[Items from a dataset]
==*==

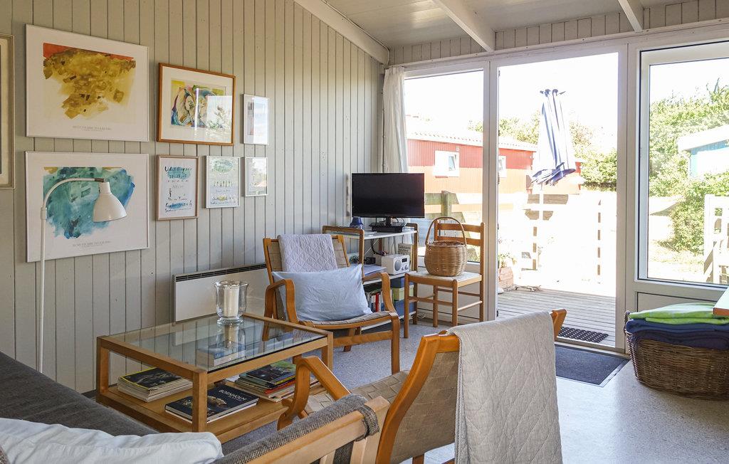 Velkommen til dette hyggelige sommerhus, der er velegnet til både et par eller en børnefamilie. Husets hjerte er den kombinerede køkken og opholdsstue, hvor I kan slappe af i komfortable møbler, se fjernsyn, høre radio eller musik og tilberede og nyde jeres feriemåltider (køkkenet har mikroovn og to kogeplader). Der er en dobbelt sovesofa (140 cm) i stuen.
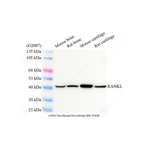 | WB检测RANKL蛋白(货号 GB125705). 样品: 经RIPA裂解液(货号G2002)处理的蛋白质. 封闭: 3%脱脂牛奶(货号GC310001)溶于TBST溶液, 室温孵育1小时. —抗: 1: 1000稀释, 4℃ 孵育过夜. 二抗: HRP标记山羊抗小鼠IgG (H+L) (货号GB23301), 1: 5000稀释, 室温孵育1小时. |
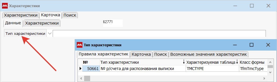 Система умеет распознавать платежи по расчетному счету получателя. Встаньте на «Статью», нажмите Общее → Характеристики.
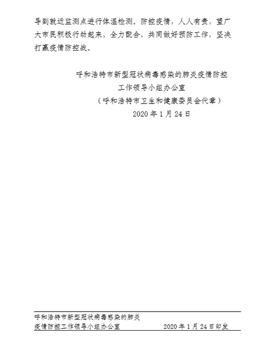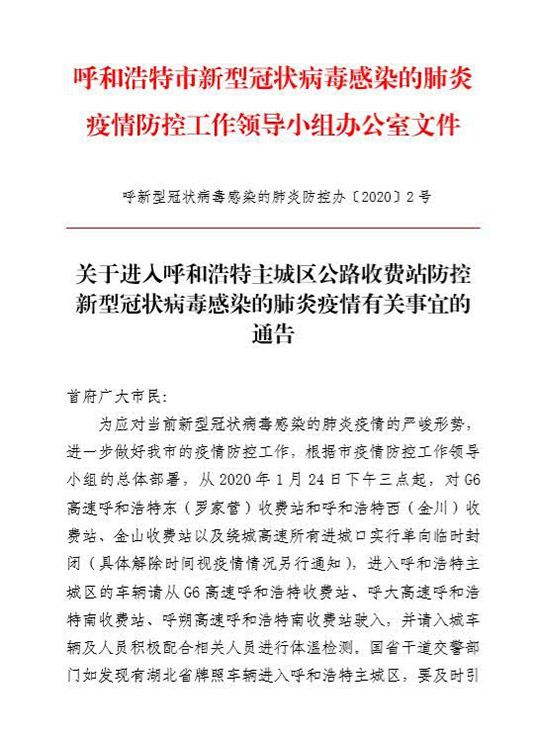 記者從呼和浩特市新型冠狀病毒感染的肺炎疫情防控工作領(lǐng)導(dǎo)小組辦公室獲悉,為應(yīng)對當(dāng)前新型冠狀病毒感染的肺炎疫情的嚴峻形勢,進一步做好呼和浩特市的疫情防控工作。從2020年1月24日下午三點起,對G6高速呼和浩特東(羅家營)收費站和呼和浩特西(金川)收費站、金山收費站以及繞城高速所有進城口實行單向臨時封閉(具體解除時間視疫情情況另行通知)。進入呼和浩特主城區(qū)的車輛請從G6高速呼和浩特收費站、呼大高速呼和浩特南收費站、呼朔高速呼和浩特南收費站駛?cè)?,并請入城車輛及人員積極配合相關(guān)人員進行體溫檢測。
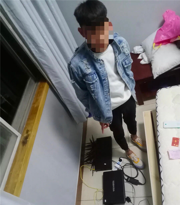 經(jīng)過3天3夜的蹲守,辦案民警摸清了犯罪嫌疑人的活動軌跡,10月13日晚上,吳臺派出所所長朱浩宇帶領(lǐng)民警賈坤陽等人果斷出擊,成功搗毀該涉詐窩點,將嫌疑人覃某宗和陳某欽抓獲,查獲“GOIP”設(shè)備1臺、電腦2臺、手機2部、路由器1臺、攝像頭1個。

==*==

Prompt: Each line above should be written out again exactly, and no picture should appear in the copy.

Your solution:
 Velkommen til dette hyggelige sommerhus, der er velegnet til både et par eller en børnefamilie. Husets hjerte er den kombinerede køkken og opholdsstue, hvor I kan slappe af i komfortable møbler, se fjernsyn, høre radio eller musik og tilberede og nyde jeres feriemåltider (køkkenet har mikroovn og to kogeplader). Der er en dobbelt sovesofa (140 cm) i stuen.
 | WB检测RANKL蛋白(货号 GB125705). 样品: 经RIPA裂解液(货号G2002)处理的蛋白质. 封闭: 3%脱脂牛奶(货号GC310001)溶于TBST溶液, 室温孵育1小时. —抗: 1: 1000稀释, 4℃ 孵育过夜. 二抗: HRP标记山羊抗小鼠IgG (H+L) (货号GB23301), 1: 5000稀释, 室温孵育1小时. |
 Система умеет распознавать платежи по расчетному счету получателя. Встаньте на «Статью», нажмите Общее → Характеристики.
 記者從呼和浩特市新型冠狀病毒感染的肺炎疫情防控工作領(lǐng)導(dǎo)小組辦公室獲悉,為應(yīng)對當(dāng)前新型冠狀病毒感染的肺炎疫情的嚴峻形勢,進一步做好呼和浩特市的疫情防控工作。從2020年1月24日下午三點起,對G6高速呼和浩特東(羅家營)收費站和呼和浩特西(金川)收費站、金山收費站以及繞城高速所有進城口實行單向臨時封閉(具體解除時間視疫情情況另行通知)。進入呼和浩特主城區(qū)的車輛請從G6高速呼和浩特收費站、呼大高速呼和浩特南收費站、呼朔高速呼和浩特南收費站駛?cè)?,并請入城車輛及人員積極配合相關(guān)人員進行體溫檢測。
 經(jīng)過3天3夜的蹲守,辦案民警摸清了犯罪嫌疑人的活動軌跡,10月13日晚上,吳臺派出所所長朱浩宇帶領(lǐng)民警賈坤陽等人果斷出擊,成功搗毀該涉詐窩點,將嫌疑人覃某宗和陳某欽抓獲,查獲“GOIP”設(shè)備1臺、電腦2臺、手機2部、路由器1臺、攝像頭1個。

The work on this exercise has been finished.